Я повесил трубку, потом снова набрал номер.
Ее телефон звонил, звонил и звонил, и –
– Алло?
– Где ты была?
– В ванной, а что?
– Новый случай.
– Опять?
– Это он. В Брэдфорде. На том же месте.
– Не может быть.
– Пожалуйста, не ходи никуда. Я приеду.
– Когда?
– Как только смогу. Ты никуда не ходи.
– Ладно.
– Обещаешь?
– Обещаю.
– Пока.
И она повесила трубку.
Я прошел через паб – видения окровавленной мебели, дырок и голов:
Я же вас предупреждал, так что вы все сами виноваты. Я сел.
– С тобой все в порядке?
– Все отлично, – соврал я.
– Что-то не похоже.
– Значит, они кого-то задержали?
– Ага.
– Кого?
– Хрен знает.
– Да ладно тебе.
– Без дураков. Никто не знает, кроме начальства.
– А зачем такая секретность?
– Я же говорю: хрен его знает.
– Но они говорят, что это не Потрошитель?
– Говорят.
– А ты сам что думаешь?
– Хрен знает, Джек. Все это как-то странно.
– Что ты еще слышал? Хоть что-нибудь?
– Сколько?
– Округлим до полтиника, если оно того стоит.
– Говорят, нескольких ребят отстранили от службы, но я тебе этого не говорил.
– Из-за этого?
– Похоже на то.
– Из милгартских, что ли?
– Говорят, что да.
– Кого именно?
– Инспектора Радкина, твоего приятеля Фрейзера и младшего офицера Эллиса.
– Эллиса?
– Майка Эллиса. Жирный такой придурок с широкой харей.
– Я его не знаю. И они думают, что это они замочили ту женщину в Брэдфорде?
– Погоди, Джек. Я этого не говорил. Их просто отстранили. Это все, что я знаю.
– Черт.
– Ага.
– Тебя это не удивляет?
– Насчет Радкина – нет. Насчет Фрейзера – да. Эллис – да, но его же все ненавидят.
– Сволочь?
– Законченная.
– И все знали, что у Радкина рыльце в пушку?
– Ну не зря же мужики называют его Грязный Гарри.
– Ну ясно. А конкрентнее?
– Пока он работал в Отделе по борьбе с проституцией, грязными были не только улицы.
– А Фрейзер?
– Ты же его знаешь. Он же – сама, бля, порядочность. Сова ему по жизни помогает, и все такое.
– Морис Джобсон, что ли? Почему?
– Фрейзер женат на дочери Билла Моллой.
– Черт! – я вздохнул. – А у Барсука Билла рак, верно?
– Ага.
– Интересно.
– Наверное, – пожал плечами Уилсон.
Я посмотрел на часы.
– Спрячь на всякий случай, – сказал он, показывая на листок бумаги, лежащий на столе.
Я кивнул, положил приказ в карман и достал бумажник.
Я отсчитал купюры под столом и дал ему пятьдесят.
– Очень мило с вашей стороны, сэр, – сказал он, подмигнув, и собрался уходить.
– Сэмюэл, если что – позвонишь?
– Обязательно.
– Я серьезно говорю.
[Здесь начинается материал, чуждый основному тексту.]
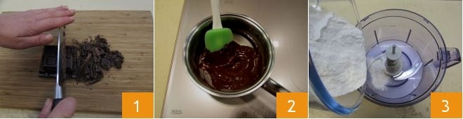 To prepare chocolate cookies, start by finely chopping the dark chocolate 1. Then transfer it to a bowl to melt it in a double boiler over very low heat 2; make sure the pot's water does not come into contact with the chocolate. Let it cool slightly while you prepare the cookies' base: in a mixer, pour the flour 3.
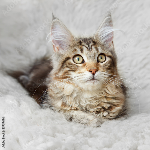 © horheo, Fototapeta premium Silver black kitten maine coon posing on white background fur

Если это – он, я хочу знать об этом первым.
– Вас понял.
Он застегнул плащ и ушел.
Я посмотрел на часы и подошел к телефону.
– Билл? Это Джек.
– Что у тебя?
– Ты был прав, все это очень странно. Мертвая проститутка под диваном в Брэдфорде.
– Я же тебе говорил, Джек. Я же тебе говорил.
– Но они говорят, что это не Потрошитель.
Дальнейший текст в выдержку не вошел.